» DATA EXCERPT:
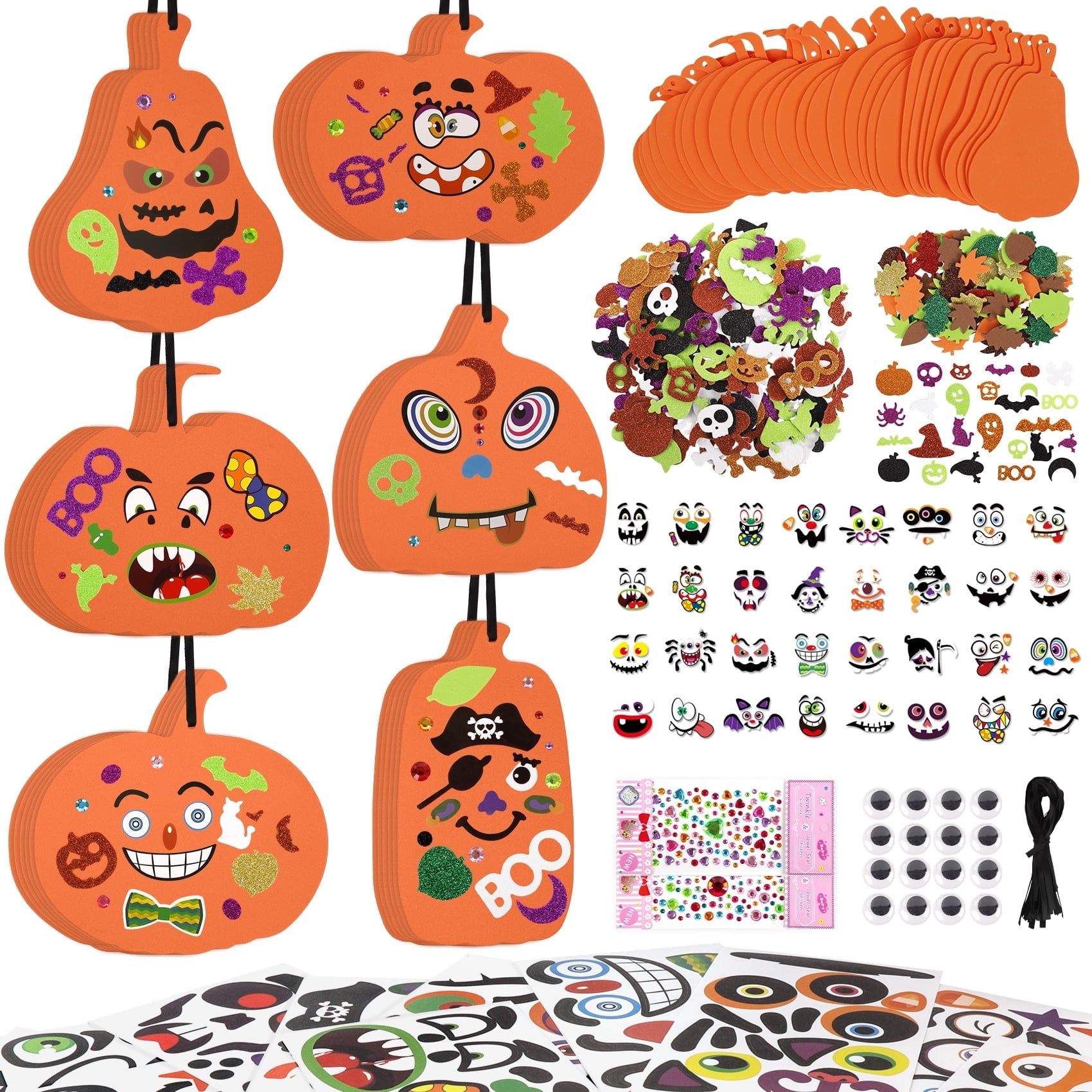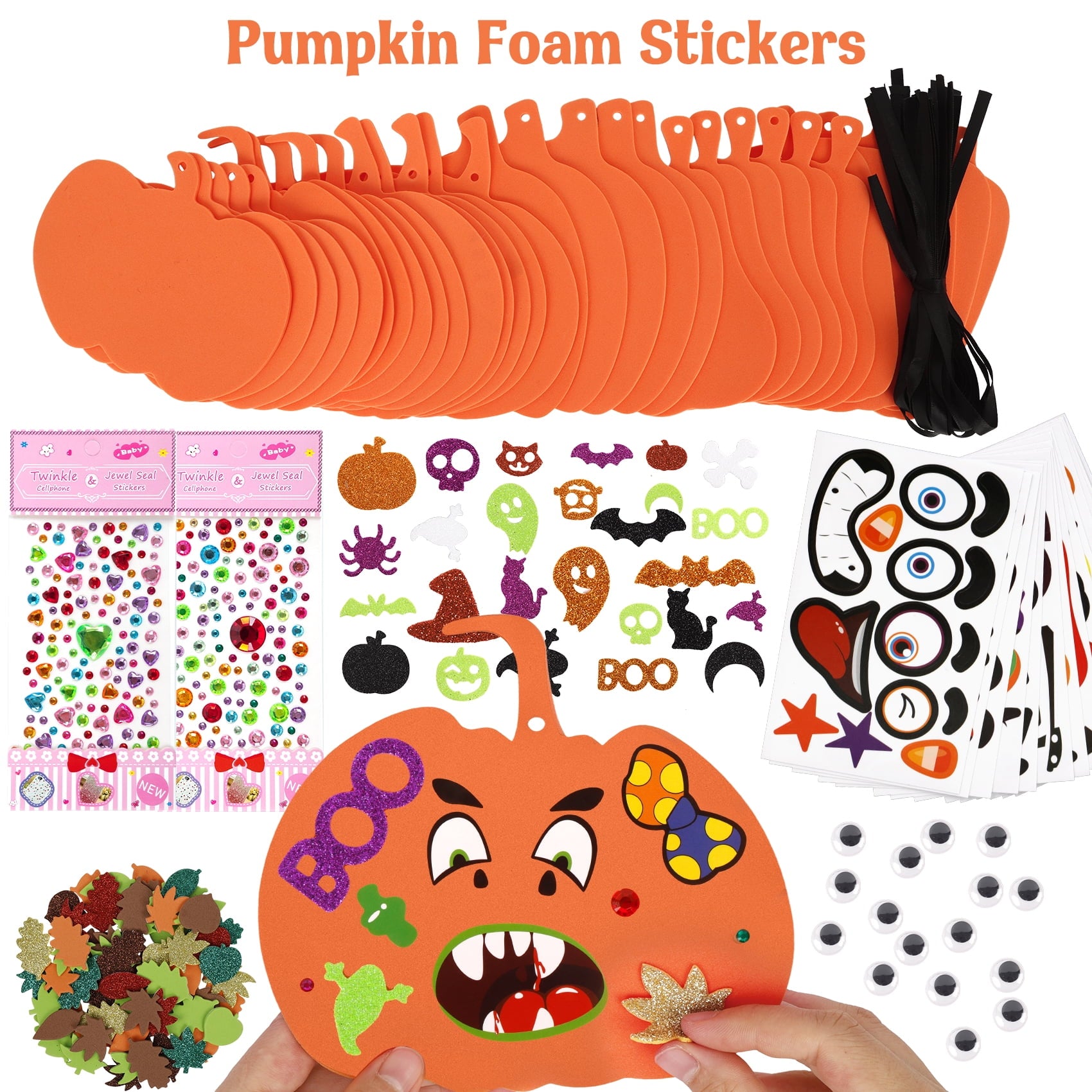Zsiparty Halloween Craft Kit, 36 Set DIY Fall Foam Pumpkin Decorations Ornaments, Stickers for Classroom Party Favor Supplies Activities
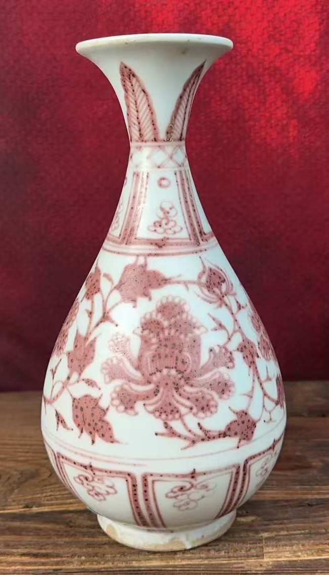 名称:元釉里红缠枝花卉纹玉壶春瓶
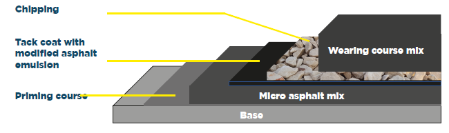 - Wearing course with modified asphalt, tailored tothe stresses and loads of the structure in question
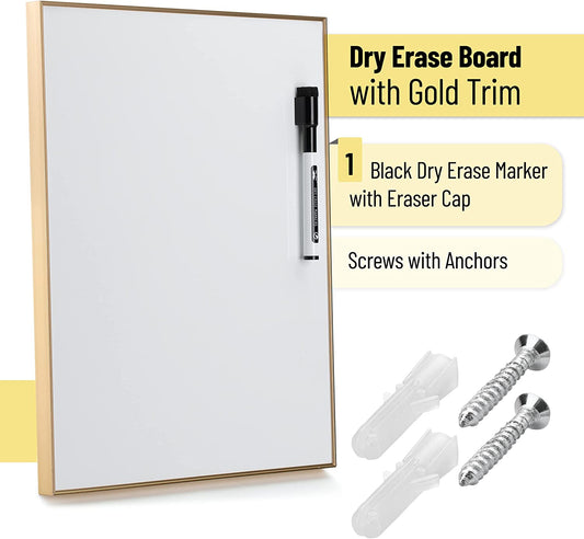 Dry Erase Board, 14” x 11”, Aluminum Frame with a Black Dry Erase Marker, Small Whiteboard, Mini White Board, White Board Dry Erase, Small Magnetic Board, Magnetic White Board

» WHAT THE EXERCISE ASKS:
Beginning with the line that includes "- Wearing course" and ending with the last line of the material, reproduce those lines exactly and nothing else, with no pictures.

» WRITTEN SOLUTION:
 - Wearing course with modified asphalt, tailored tothe stresses and loads of the structure in question
 Dry Erase Board, 14” x 11”, Aluminum Frame with a Black Dry Erase Marker, Small Whiteboard, Mini White Board, White Board Dry Erase, Small Magnetic Board, Magnetic White Board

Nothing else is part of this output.